SUBCHAPTER B. CONSUMER'S RIGHTS
Sec. 541.051. RIGHT TO DISCLOSURE OF PERSONAL INFORMATION
COLLECTED. (a) A consumer is entitled to request that a business
that collects the consumer's personal information disclose to the
consumer the categories and specific items of personal information
the business has collected.
(b) To receive the disclosure of information under
Subsection (a), a consumer must submit to the business a verifiable
consumer request using a method designated by the business under
Section 541.103.
(c) On receipt of a verifiable consumer request under this
section, a business shall disclose to the consumer in the time and
manner provided by Section 541.105:
(1) each enumerated category and item within each
category of personal information under Section 541.002(12) that the
business collected about the consumer during the 12 months
preceding the date of the request;
(2) each category of sources from which the
information was collected;
(3) the business or commercial purpose for collecting
or selling the personal information; and
(4) each category of third parties with whom the
business shares the personal information.
(d) This section does not require a business to:
(1) retain a consumer's personal information that was
collected for a one-time transaction if the information is not sold
or retained in the ordinary course of business; or
(2) reidentify or otherwise link any data that, in the
ordinary course of business, is not maintained in a manner that
would be considered personal information.
Sec. 541.052. RIGHT TO DELETION OF PERSONAL INFORMATION
COLLECTED. (a) A consumer is entitled to request that a business
that collects the consumer's personal information delete any
personal information the business has collected from the consumer
by submitting a verifiable consumer request using a method
designated by the business under Section 541.103.

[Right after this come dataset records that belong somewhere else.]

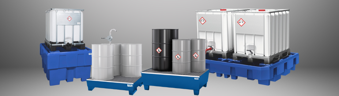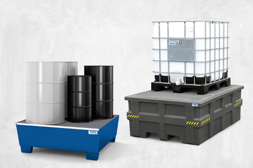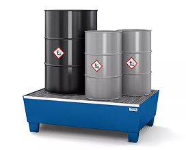 DENIOS钢制盛漏托盘用于安全存放圆桶或吨桶。它们适用于...
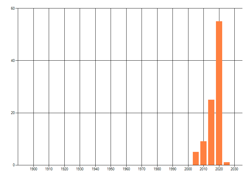 Het aantal atlasblokken (5x5 km) waarin de soort is gemeld binnen een periode van vijf jaar (vanaf 1980) of twintig jaar. Niet gecorrigeerd voor waarnemersinspanning en het aantal doorgegeven waarnemingen kan sterk variëren per periode, dus een trend in verspreiding kan hier niet direct uit worden afgelezen. Het opgegeven jaartal is het eerste jaar van de periode. Bron: gevalideerde waarnemingen uit de NDFF.
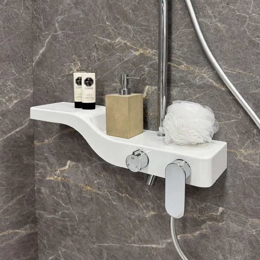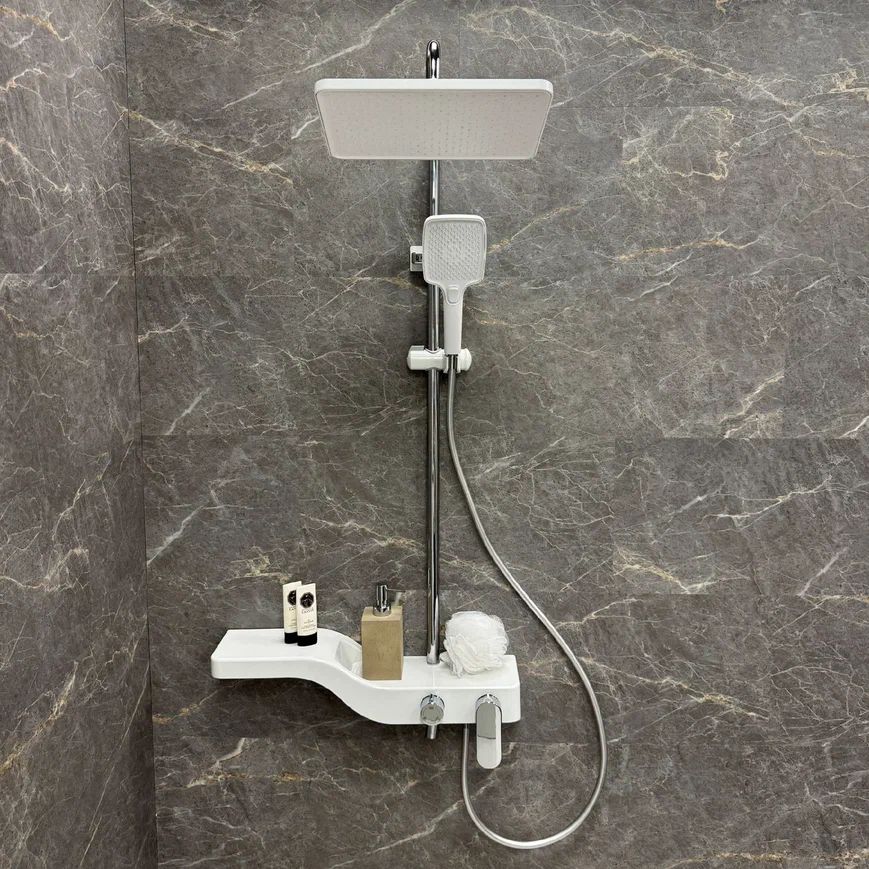 В комплекте есть все, что нужно для максимально комфортного использования: тропический душ, смеситель с поворотным (360 градусов) изливом для наполнения ванны, ручная лейка с держателем, а также полка для удобного хранения гелей и шампуней.
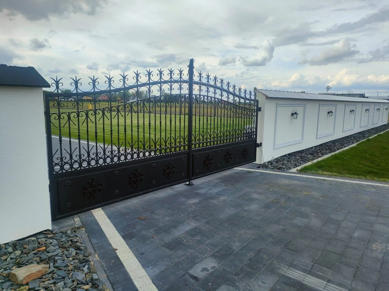 Solidna i reprezentacyjna brama dwuskrzydłowa, będąca idealnym zabezpieczeniem dla posesji w stylu tradycyjnym.

(b) Except as provided by Subsection (c), on receipt of a
verifiable consumer request under this section, a business shall
delete from the business's records any personal information
collected from the consumer and direct a service provider of the
business to delete the information from the provider's records.
(c) A business or service provider of the business is not
required to comply with a verifiable consumer request received
under this section if the business or service provider needs to
retain the consumer's personal information to:
(1) complete the transaction for which the information
was collected;
(2) provide a good or service requested by the
consumer or reasonably anticipated to be requested by the consumer
in the context of the ongoing business relationship between the
business and consumer;
(3) perform under a contract between the business and
the consumer;
(4) detect a security incident, protect against
malicious, deceptive, fraudulent, or illegal activity, or
prosecute those responsible for any illegal activity described by
this subdivision;
(5) identify and repair or remove errors from computer
hardware or software that impair its intended functionality;
(6) exercise free speech or ensure the right of
another consumer to exercise the right of free speech or another
right afforded by law;
(7) comply with Chapter 1289 (H.B. 2268), Acts of the
83rd Legislature, Regular Session, 2013, or a legal obligation;
(8) engage in public or peer-reviewed scientific,
historical, or statistical research that is in the public interest
and that adheres to all other applicable ethics and privacy laws
provided that:
(A) the business's deletion of the information is
likely to render impossible or seriously impair the achievement of
that research; and
(B) the consumer has provided to the business
informed consent to retain the information; or
(9) use the information internally:
(A) so long as the use is reasonably aligned with
the expectations of the consumer based on the consumer's
relationship with the business; or
(B) in a manner that is lawful and compatible
with the context in which the consumer provided the information.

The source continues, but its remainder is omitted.